Cardwell, Suma G.; Plagge, Mark P.; Hughes, Clayton H.; Rothganger, Fredrick R.; Agarwal, Sapan A.; Feinberg, Benjamin F.; Awad, Amro A.; mcfarland, john m.; Parker, Luke G.

The ASC program seeks to use machine learning to improve efficiencies in its stockpile stewardship mission. Moreover, there is a growing market for technologies dedicated to accelerating AI workloads. Many of these emerging architectures promise to provide savings in energy efficiency, area, and latency when compared to traditional CPUs for these types of applications — neuromorphic analog and digital technologies provide both low-power and configurable acceleration of challenging artificial intelligence (AI) algorithms.
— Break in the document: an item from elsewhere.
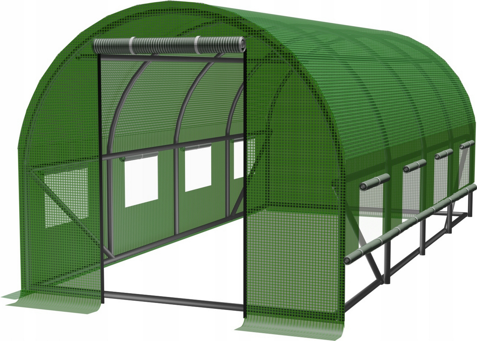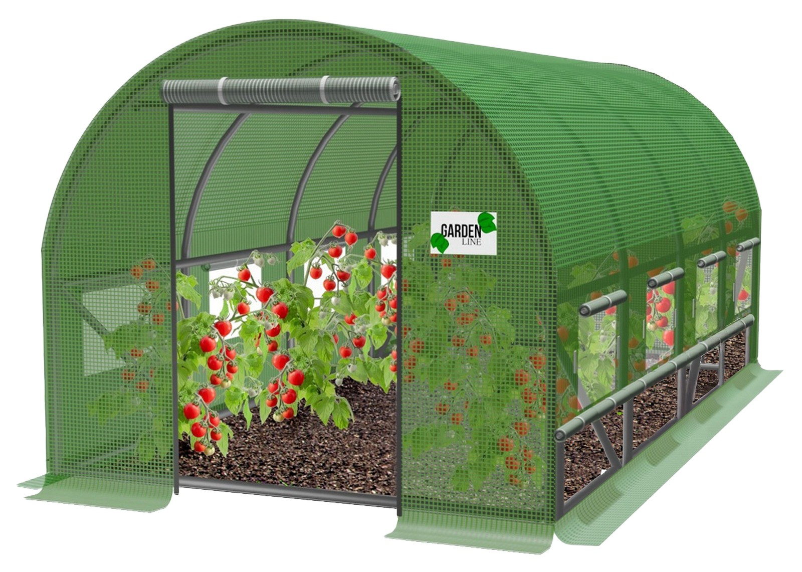 Robustní pozinkovaná konstrukce: Rám je tvořen ocelovými trubkami s oboustranným zinkováním. To zaručuje absolutní odolnost proti korozi ve vysoce vlhkém prostředí, které uvnitř fóliovníku přirozeně vzniká.

If designed into a heterogeneous system with other accelerators and conventional compute nodes, these technologies have the potential to augment the capabilities of traditional High Performance Computing (HPC) platforms [5]. This expanded computation space requires not only a new approach to physics simulation, but the ability to evaluate and analyze next-generation architectures specialized for AI/ML workloads in both traditional HPC and embedded ND applications. Developing this capability will enable ASC to understand how this hardware performs in both HPC and ND environments, improve our ability to port our applications, guide the development of computing hardware, and inform vendor interactions, leading them toward solutions that address ASC’s unique requirements.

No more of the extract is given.